‘Too big for Australia’, says pension fund eyeing global expansion

Reuters

SYDNEY (Reuters) – Australia’s biggest pension fund has outgrown the country and wants to quadruple in size to be a global investment powerhouse worth A$1 trillion ($700 billion) within a decade, its Chief Executive Officer said on Tuesday.

AustralianSuper, which has A$260 billion of the country’s retirement money under management, plans to invest up to 70% of its capital offshore to avoid “performance drag” by focusing on home, Paul Schroder said in a Reuters Newsmaker interview.

“We are too big for Australia,” Schroder told the online event.


“We consider ourselves a global investor with domestic beneficiaries. It is true we were far too Melbourne-centric and Australian orientated, but we are generally in all of our fibres taking the view that we are global investors.”

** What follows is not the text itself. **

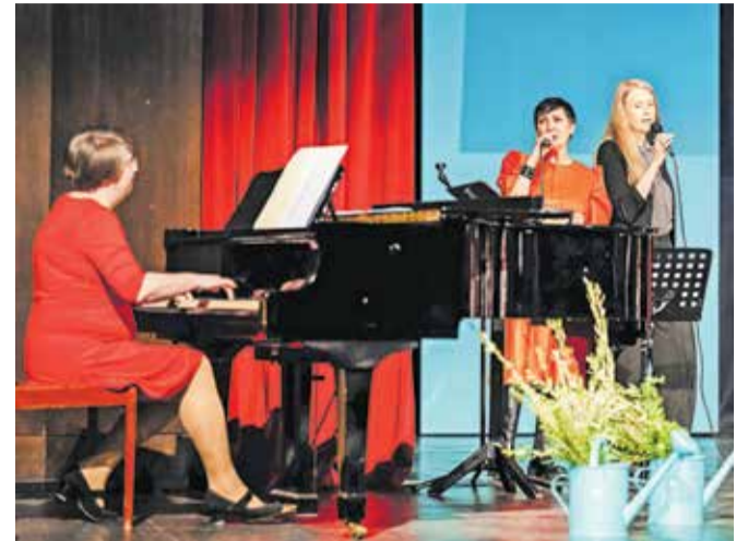
Zapele in zaigrale so tudi učiteljice.

Australian pension fund managers have benefited from a system introduced in the 1980s under which employers must pay an additional 10.5% of staff wages as superannuation. That has left funds flush with money to invest, but with limited assets to purchase domestically.

AustralianSuper now has up to 70% of its funds managed offshore, according to Schroder. The organisation had 70 staff in a London office, with plans to triple that headcount. An office in New York, which was focused on private equity investing, was also growing, Schroder said.

The fund, which owns ports, airports, rail and road infrastructure in Australia, Europe and North America, has said it wants A$500 billion in assets by 2026, but Schroder said he was taking a longer view. Within a decade, he said, “we want to be a one trillion dollar investor”.

“We’re unashamedly in the business of scale,” he said.

AustralianSuper had no specific investment target but considered unlisted assets well-suited to its business in the current economic climate, since they typically carried “inflation protection”, Schroder said.

At a time of economic, geopolitical and logistical disruption, Schroder said the single biggest investment challenge was inflation, and he dismissed reports that rate increases by the U.S. Federal Reserve were starting to slow the overheated economy.

“You need to see some sustained signals to say it’s dealt with,” he said.

“Our view is that there’s some pretty tough times ahead. We think we’re in tight environment. The question is: what’s the rate of that tightening and is there a pivot around the corner?”